• ASSIGNMENT
Go to the line with "2年生後半「下」の教科書に入" in the material below and copy from there through the line with "Very unusual 19thC", exactly. Pictures are not copied.

• TASK INPUT
══════════════════════════════
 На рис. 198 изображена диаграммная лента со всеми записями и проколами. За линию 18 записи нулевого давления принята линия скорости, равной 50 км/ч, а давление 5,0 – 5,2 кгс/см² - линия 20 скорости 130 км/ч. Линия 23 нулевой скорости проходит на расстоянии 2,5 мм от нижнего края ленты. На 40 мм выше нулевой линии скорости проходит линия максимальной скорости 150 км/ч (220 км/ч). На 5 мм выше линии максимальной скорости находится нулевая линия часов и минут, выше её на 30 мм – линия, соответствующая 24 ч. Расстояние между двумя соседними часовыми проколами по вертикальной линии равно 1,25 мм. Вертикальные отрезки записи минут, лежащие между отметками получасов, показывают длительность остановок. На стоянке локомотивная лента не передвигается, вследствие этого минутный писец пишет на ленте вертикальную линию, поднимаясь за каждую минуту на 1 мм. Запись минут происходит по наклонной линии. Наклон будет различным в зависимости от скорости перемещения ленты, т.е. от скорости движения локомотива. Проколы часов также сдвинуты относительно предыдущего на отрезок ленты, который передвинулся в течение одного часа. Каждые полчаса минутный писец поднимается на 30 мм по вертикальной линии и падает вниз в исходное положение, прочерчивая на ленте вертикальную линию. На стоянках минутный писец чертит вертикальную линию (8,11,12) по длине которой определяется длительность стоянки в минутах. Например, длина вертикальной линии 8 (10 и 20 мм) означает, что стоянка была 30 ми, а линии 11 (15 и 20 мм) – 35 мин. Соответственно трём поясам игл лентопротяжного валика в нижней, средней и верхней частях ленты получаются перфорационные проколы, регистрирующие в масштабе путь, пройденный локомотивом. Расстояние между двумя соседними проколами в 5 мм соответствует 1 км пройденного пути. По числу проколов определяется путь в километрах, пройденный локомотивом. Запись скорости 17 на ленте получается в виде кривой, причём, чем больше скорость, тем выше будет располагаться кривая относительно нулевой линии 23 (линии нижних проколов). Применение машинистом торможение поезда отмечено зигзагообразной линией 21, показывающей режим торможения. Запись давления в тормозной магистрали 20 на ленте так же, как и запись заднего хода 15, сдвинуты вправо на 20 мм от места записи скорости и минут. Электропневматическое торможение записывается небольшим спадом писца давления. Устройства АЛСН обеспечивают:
══════════════════════════════
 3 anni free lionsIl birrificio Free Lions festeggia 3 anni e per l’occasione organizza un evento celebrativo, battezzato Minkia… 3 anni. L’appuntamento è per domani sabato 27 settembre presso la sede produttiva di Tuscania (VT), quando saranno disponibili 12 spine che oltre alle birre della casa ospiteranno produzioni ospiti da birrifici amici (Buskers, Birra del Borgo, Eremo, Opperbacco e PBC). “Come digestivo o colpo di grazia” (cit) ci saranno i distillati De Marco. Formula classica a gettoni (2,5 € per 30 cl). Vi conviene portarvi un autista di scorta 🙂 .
══════════════════════════════
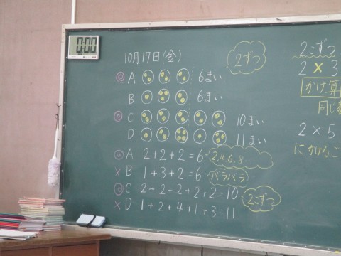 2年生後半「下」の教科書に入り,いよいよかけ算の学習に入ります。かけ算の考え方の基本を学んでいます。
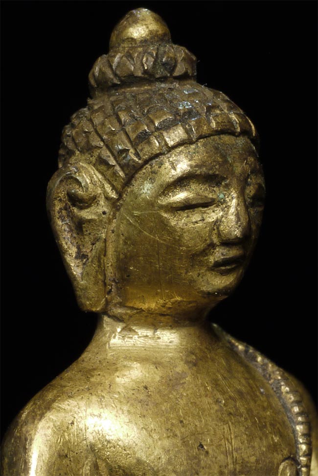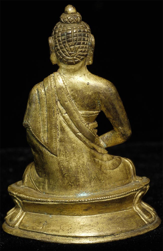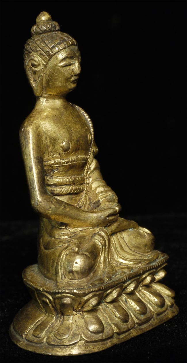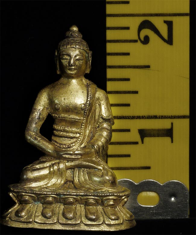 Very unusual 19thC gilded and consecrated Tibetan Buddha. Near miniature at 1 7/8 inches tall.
══════════════════════════════
• WRITTEN RESPONSE
 2年生後半「下」の教科書に入り,いよいよかけ算の学習に入ります。かけ算の考え方の基本を学んでいます。
 Very unusual 19thC gilded and consecrated Tibetan Buddha. Near miniature at 1 7/8 inches tall.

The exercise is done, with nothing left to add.